Brief: With the pictures omitted, set down exactly the lines from the one that contains "Zagreb, 23 de" through the last line of the data.

Information supplied:

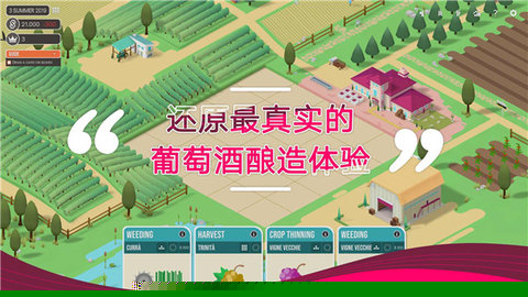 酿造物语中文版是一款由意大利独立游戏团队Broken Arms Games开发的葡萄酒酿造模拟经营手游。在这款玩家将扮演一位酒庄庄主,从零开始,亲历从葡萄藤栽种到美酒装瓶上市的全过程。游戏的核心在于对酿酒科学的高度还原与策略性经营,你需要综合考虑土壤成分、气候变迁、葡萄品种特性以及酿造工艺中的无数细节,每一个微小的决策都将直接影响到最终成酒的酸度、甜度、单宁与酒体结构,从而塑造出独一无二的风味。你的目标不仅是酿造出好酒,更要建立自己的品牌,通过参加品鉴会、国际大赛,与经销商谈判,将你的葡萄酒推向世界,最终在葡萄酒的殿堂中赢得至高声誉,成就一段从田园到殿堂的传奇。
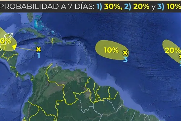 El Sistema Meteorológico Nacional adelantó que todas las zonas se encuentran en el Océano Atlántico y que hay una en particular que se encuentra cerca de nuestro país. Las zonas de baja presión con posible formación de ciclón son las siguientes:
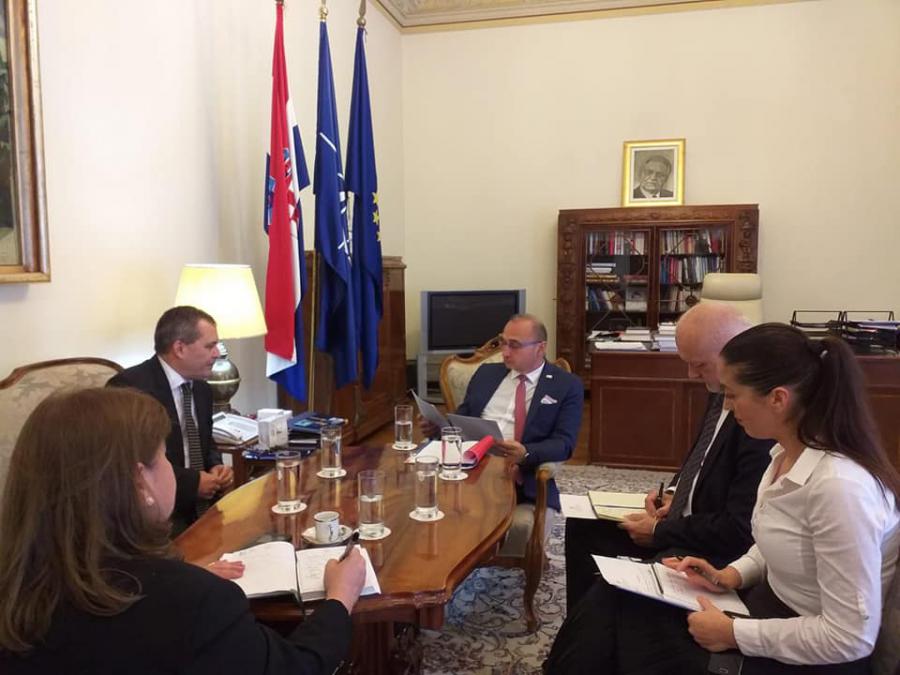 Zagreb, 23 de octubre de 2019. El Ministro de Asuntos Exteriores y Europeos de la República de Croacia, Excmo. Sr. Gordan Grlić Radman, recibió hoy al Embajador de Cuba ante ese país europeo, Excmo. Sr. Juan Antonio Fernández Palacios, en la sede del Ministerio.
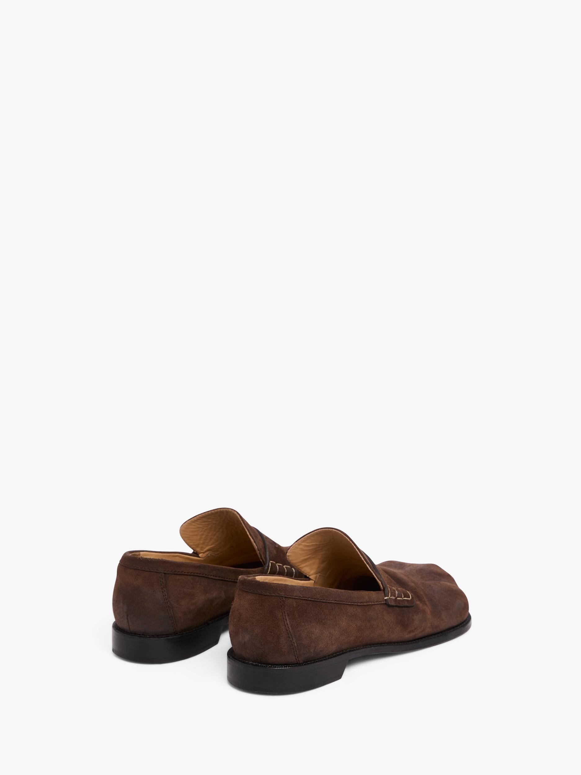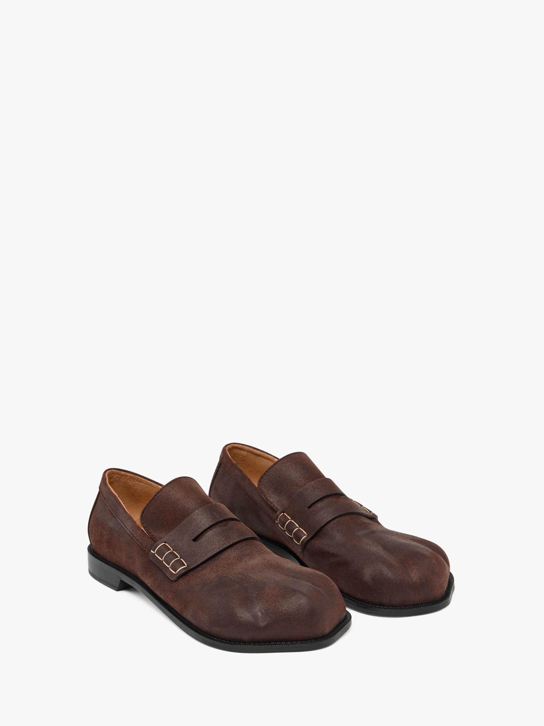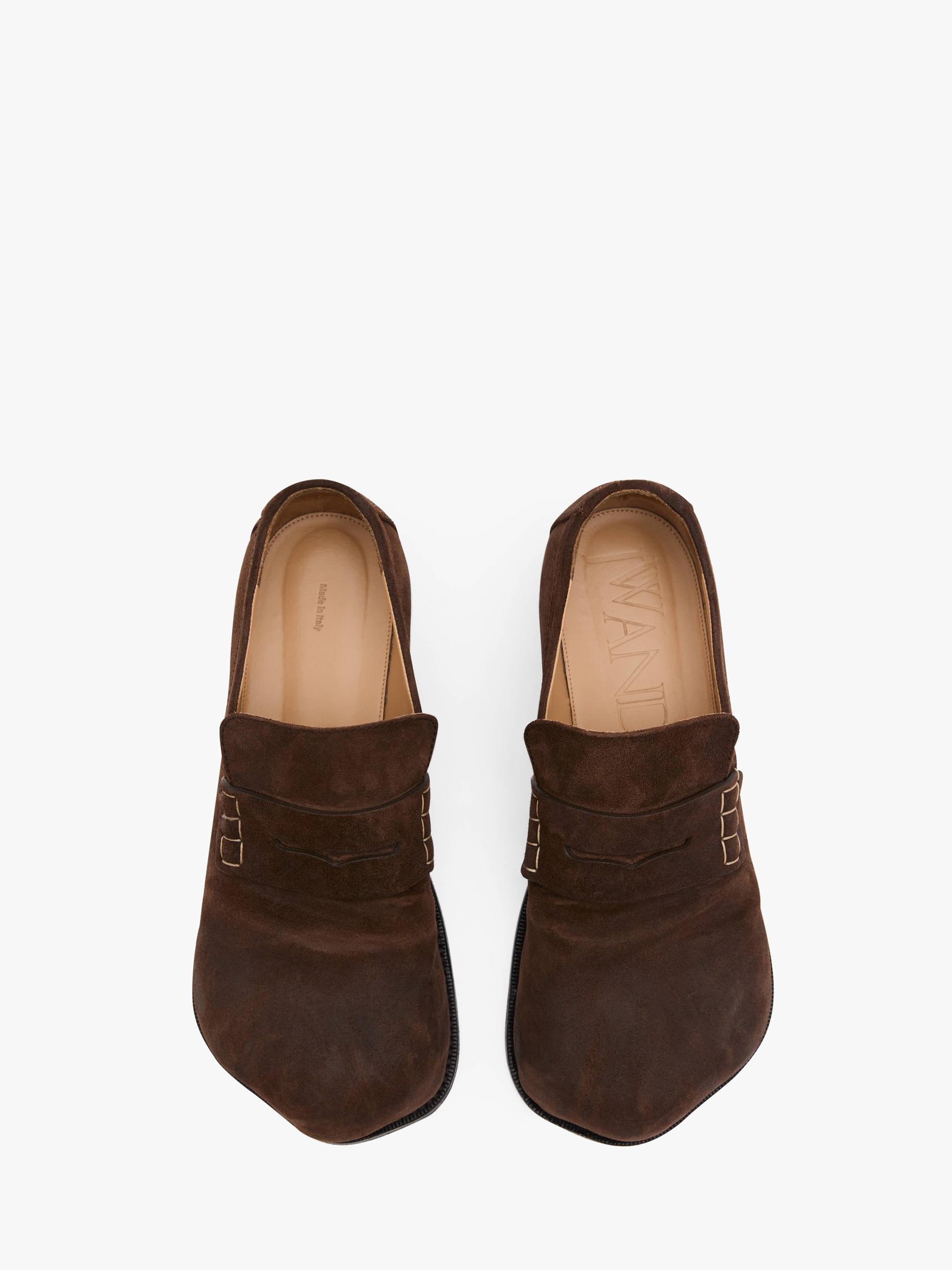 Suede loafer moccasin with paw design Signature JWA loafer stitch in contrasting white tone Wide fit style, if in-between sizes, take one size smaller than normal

Answer box:
 Zagreb, 23 de octubre de 2019. El Ministro de Asuntos Exteriores y Europeos de la República de Croacia, Excmo. Sr. Gordan Grlić Radman, recibió hoy al Embajador de Cuba ante ese país europeo, Excmo. Sr. Juan Antonio Fernández Palacios, en la sede del Ministerio.
 Suede loafer moccasin with paw design Signature JWA loafer stitch in contrasting white tone Wide fit style, if in-between sizes, take one size smaller than normal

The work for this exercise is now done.